- Data for review
/---
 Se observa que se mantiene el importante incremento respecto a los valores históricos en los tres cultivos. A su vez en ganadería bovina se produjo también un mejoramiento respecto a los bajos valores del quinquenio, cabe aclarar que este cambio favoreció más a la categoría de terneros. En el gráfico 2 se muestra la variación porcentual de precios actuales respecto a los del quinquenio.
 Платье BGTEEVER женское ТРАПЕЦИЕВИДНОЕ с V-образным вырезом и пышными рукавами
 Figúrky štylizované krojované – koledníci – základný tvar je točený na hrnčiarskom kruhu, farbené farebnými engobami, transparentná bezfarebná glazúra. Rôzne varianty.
\---
/---
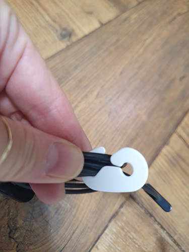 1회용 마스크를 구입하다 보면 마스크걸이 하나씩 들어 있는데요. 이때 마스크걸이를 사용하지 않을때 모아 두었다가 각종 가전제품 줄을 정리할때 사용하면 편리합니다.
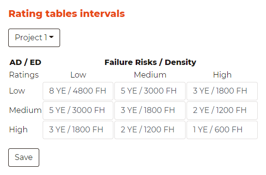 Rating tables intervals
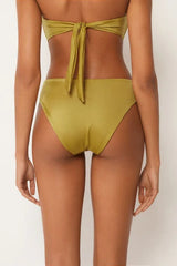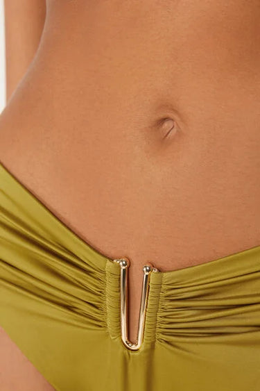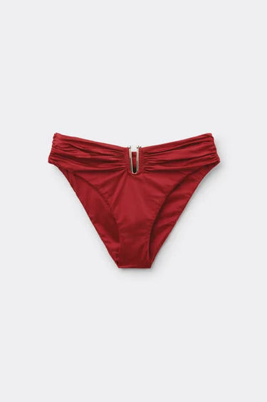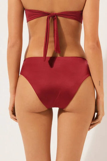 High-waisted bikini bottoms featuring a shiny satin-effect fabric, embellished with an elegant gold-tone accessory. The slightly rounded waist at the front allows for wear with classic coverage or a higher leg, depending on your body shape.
\---
- Assignment
Could you restate word for word the lines above, from the one that contains "Se observa que" through the one that contains "Figúrky štylizované krojované", and no others?

- Solution to this exercise
 Se observa que se mantiene el importante incremento respecto a los valores históricos en los tres cultivos. A su vez en ganadería bovina se produjo también un mejoramiento respecto a los bajos valores del quinquenio, cabe aclarar que este cambio favoreció más a la categoría de terneros. En el gráfico 2 se muestra la variación porcentual de precios actuales respecto a los del quinquenio.
 Платье BGTEEVER женское ТРАПЕЦИЕВИДНОЕ с V-образным вырезом и пышными рукавами
 Figúrky štylizované krojované – koledníci – základný tvar je točený na hrnčiarskom kruhu, farbené farebnými engobami, transparentná bezfarebná glazúra. Rôzne varianty.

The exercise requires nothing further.